The databasing system that we have begun to develop (www.barcodinglife.org) has already received considerable acclaim from international collaborators, and its functionality will be displayed in the press conference following the barcoding symposium in London in February 2005. Below, we highlight the key components currently available in BOLD, and outline some impending innovations and improvements. We emphasize that BOLD is far more than an online repository for COI sequences. It is, in fact, a comprehensive workbench for barcode analysis that includes three major functional elements: a laboratory information management system, a data management and analysis system, and a species identification engine. Its capabilities are critical to the advance of our work and to the broader activation of DNA barcoding.
Data Management and Analysis System (BOLD-DMAS)
The DMAS component of BOLD currently provides support for both the warehousing and analysis of the sequence records generated by facilities using our LIMS. It provides a simple interface enabling the members of each research team to upload new sequences to password-protected projects.

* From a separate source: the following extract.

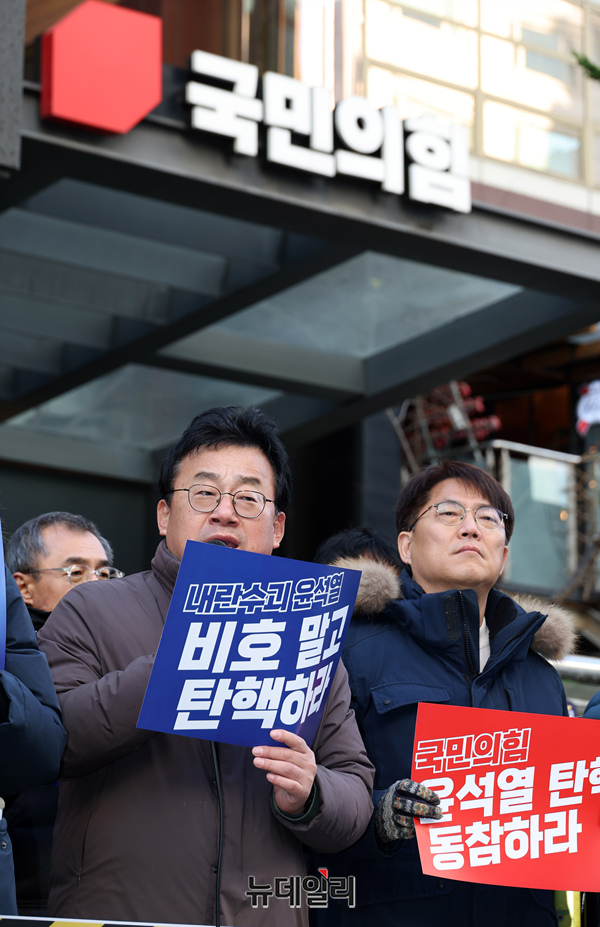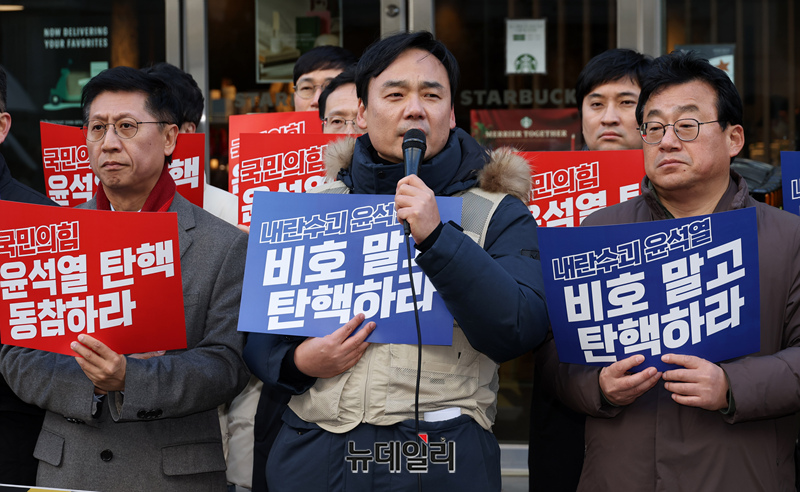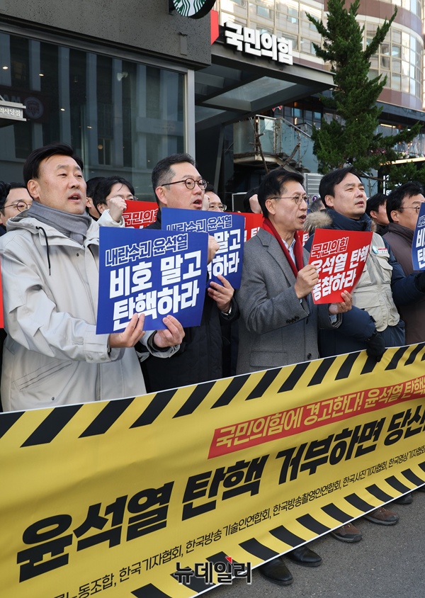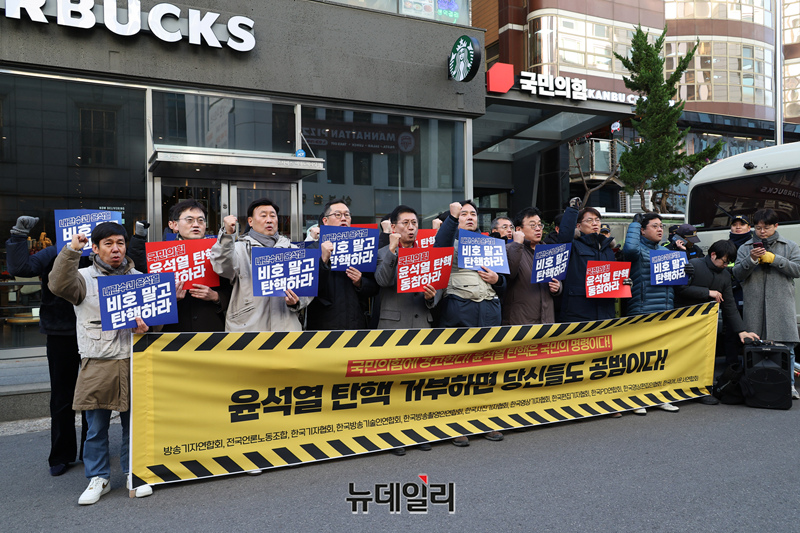 언론현업 11단체가 6일 오후 서울 여의도 국민의힘 당사 앞에서 긴급 기자회견을 열고 윤석열 대통령의 탄핵에 국민의힘이 동참할 것을 촉구하고 있다.

In addition, the DMAS enables project administrators to assign varying levels of access to data for different researchers involved in a project. For example, a project leader will be able to access, edit, or delete data entries, while a graduate student may simply have the ability to add new data. This hierarchical management system allows work to proceed simultaneously in different labs and on different groups of organisms while being managed from a centralized location. This greatly improves efficiency and communication, and prevents data from being lost or duplicated. Moreover, because the DMAS includes information on where each specimen was collected and where the voucher specimen has been deposited, copies of sequence traces, and high resolution photographs of each specimen, it allows straightforward traceability of the data stream back to the source.
At present, BOLD-DMAS is used by a small but growing number of users, both in Canada and internationally. However, it was designed to operate at a much larger scale – on both a national level (i.e., within our Network), and eventually world-wide. We emphasize that all sequences gathered by the global bird and fish projects will be deposited in BOLD. As well, we expect the future development of separate BOLD-derived databases that support particular sectors. For example, CSIRO Marine Research has indicated their interest in taking responsibility for developing a fish barcode database. Similar applied databases can be envisioned for use in forestry, agriculture, and other programs that require more specialized information than that included in the general barcode database.
Aside from serving as a data repository, the DMAS component of BOLD includes a suite of analysis tools that allow rapid and simple processing of data. Sequence records, which can be submitted via a simple interface, are automatically aligned. Specimen pages are created automatically from the user-defined data, including an automated plot of GIS coordinates on high-resolution, multi-scale geographic maps made available by NASA. BOLD also includes many standard programs for assembling and exporting neighbour-joining trees, which includes colour coding to indicate taxonomic affiliation or other user-defined parameters.
While this system has proved highly effective for COI sequences from animals, it is not currently compatible with datasets involving multiple genes or non-coding gene regions. Since barcode systems for some taxonomic groups (most notably, plants) are likely to use genes other than COI, we will develop new versions of the DMAS that can accommodate records from other genes.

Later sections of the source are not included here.